Procedures colored green indicate that both Vertex and Fragment shader functions can be programmed to do specific tasks. Each model file format (fbx, obj or 3ds) contains data like vertex positions, normals, tangents, triangle indices and uv coordinates. These data are passed into vertex shader function which applies certain transformations so they can be rasterized and passed further into fragment shader function which fills in the frame buffer. 

As a final step, frame buffer content is displayed on the screen with predefined framerate which can be either 30 FPS for mobile platforms and 60 or more FPS for pc and console platforms.

Modern games and other graphical software use hardware accelerated rendering where GPU is used to redraw the entire screen while my rendering framework doesn’t use any hardware acceleration support at all. Such a renderer, which uses part of CPU time instead of GPU is called software renderer. The reason why I chose this approach is the fact that I use Windows Forms framework to initialize window and create graphics object to redraw canvas. 

Windows Forms framework offers light and most suitable workflow for such project. Unfortunately it doesn’t support hardware accelerated rendering by default which is not a problem since drawing area of the window is set to have resolution of 160 x 120 (19 200 pixels) and screen ratio of 4:3.

List of Abbreviations and Symbols

It is important to define all abbreviations used throughout the entire blog, which are listed below.

  • FPS – Frames Per Second (Number of discrete frames that will be rendered within a single second)
  • API – Application Programming Interface
  • GDI – Graphical Device Interface
  • FOV – Field of View (Angle of how much of the world could be seen by a camera)
  • CG – Computer Graphics
  • STR – Rotation, Translation & Scale matrices multiplied together in this order
  • GPU – Graphical Processing Unit
  • CPU – Central Processing Unit
  • RAM – Random Access Memory (Used by CPU)
  • VRAM – Video RAM (RAM used by GPU)
  • PBR – Physically Based Rendering (Realistic light model)
  • AABB – Axis Aligned Bounding Box
  • AI – Artificial intelligence
  • ms – milliseconds


10 December 2019

1 Before We Start

WARNING: This blog describes how to implement pseudo 3D graphics along with simple game engine from scratch. If you don't care about that game engine part then you can skip to part 6: Fundamental graphical operations. You're welcome.

As a game developer I always wanted to learn how to create 3D graphcis from scratch without using OpenGL or Direct3D, but didn't know how. Then I saw Markus 'Notch' Persson (original creator of Minecraft) working on his game for a Ludum Dare 21 competition called "Prelude of the Chambered" which was exactly what I was looking for so I started to copy his code and research as much as I could about this approach.

Prelude of the Chambered gameplay
Prelude of the Chambered gameplay

Then I've recreated the same game engine for my Bachelor Thesis which this entire blog is describing.

Below you can see my pseudo 3D engine implementation based on Markus's approach with custom 'depth only' mode which when enabled, it shows contents of a depth buffer as a black & white image which you can see on the gif as well.


My Pseudo3D Engine demo
My Pseudo3D Engine demo

After all rendering functions were designed and implemented, testing phase has been performed where I've measured and calculated individual time intervals to draw a single pixel. 

Functionality of this engine can be further extended by implementing simple physics model for AABB collision detection & response as well as AI for in-game entities.
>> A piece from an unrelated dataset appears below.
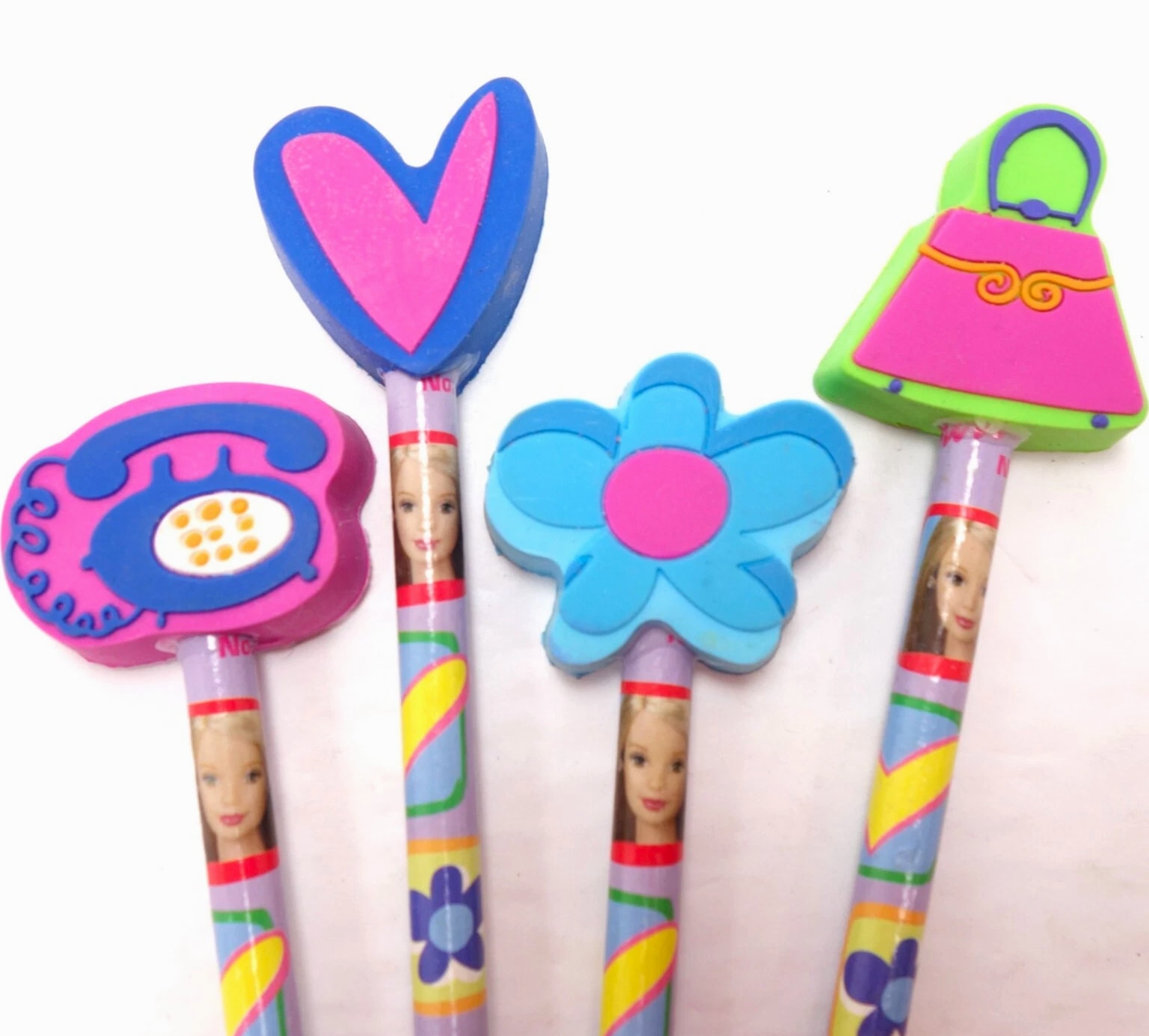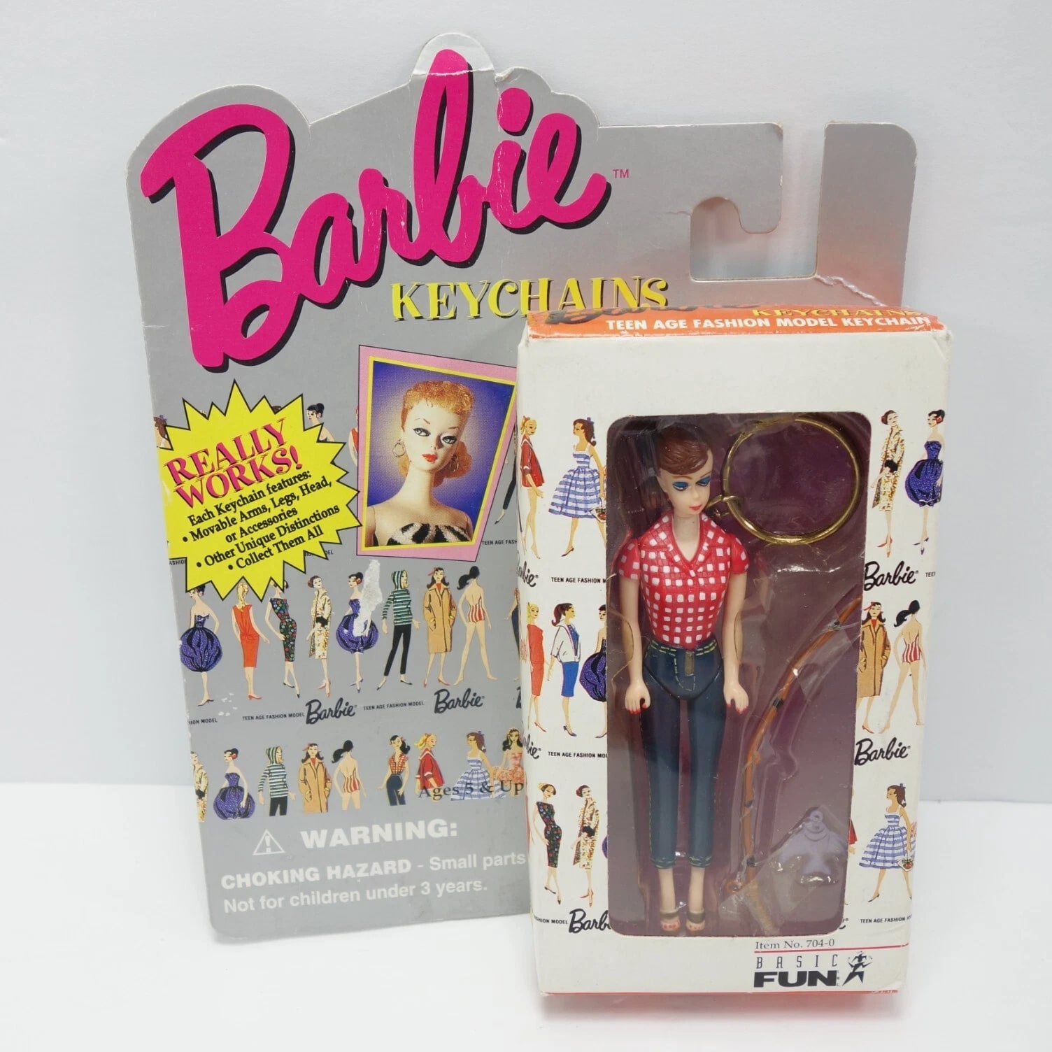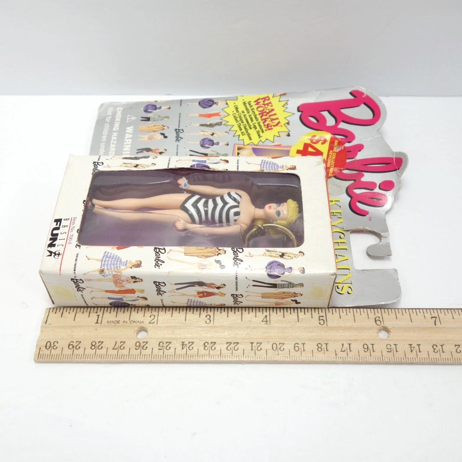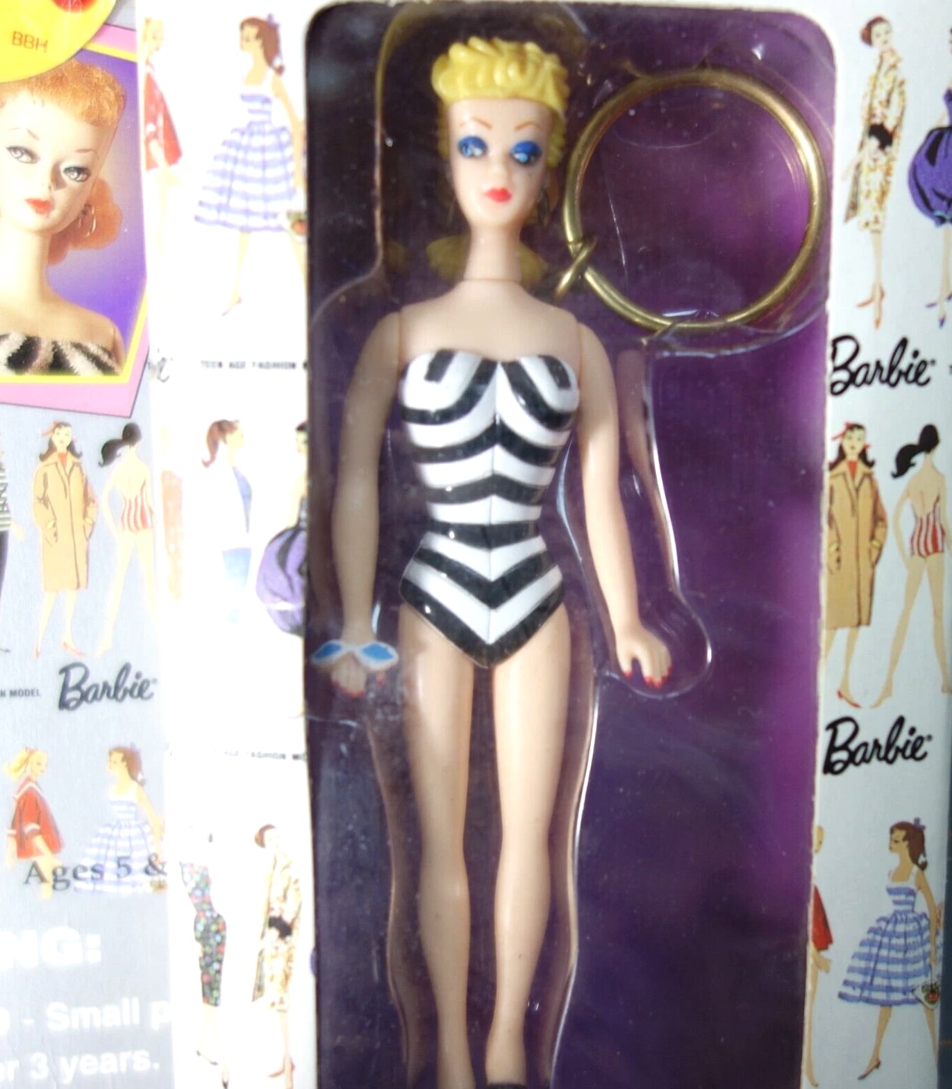 Barbie & Ken Fashion and Accessories, Barbie Keychains, Barbie Pencils with Eraser Toppers, and Barbie Pets. Choose from selections: Barbie and Ken Fashion Packs with clothing and accessories. 1995 Barbie Keychain: Barbie with Fishing Pole - Moveable arms, legs, head, about 4" tall, mint condition. 1995 Barbie Keychain: Barbie in Black/White Striped Swimsuit - Moveable arms, legs, head, about 4" tall, mint condition. Barbie Pencil with Laser Cut Eraser - Lead pencil with graphics, cute topper, 8" long. Combined shipping available.

Therefore simple games can be created for Windows platforms where further optimizations will be necessary to accelerate the rendering for very large levels. Input handler as well as two predefined levels are already included to showcase all the rendering capabilities of my pseudo3D engine.

This blog is a detailed tutorial I wish I had back when I was starting to learn how it all worked.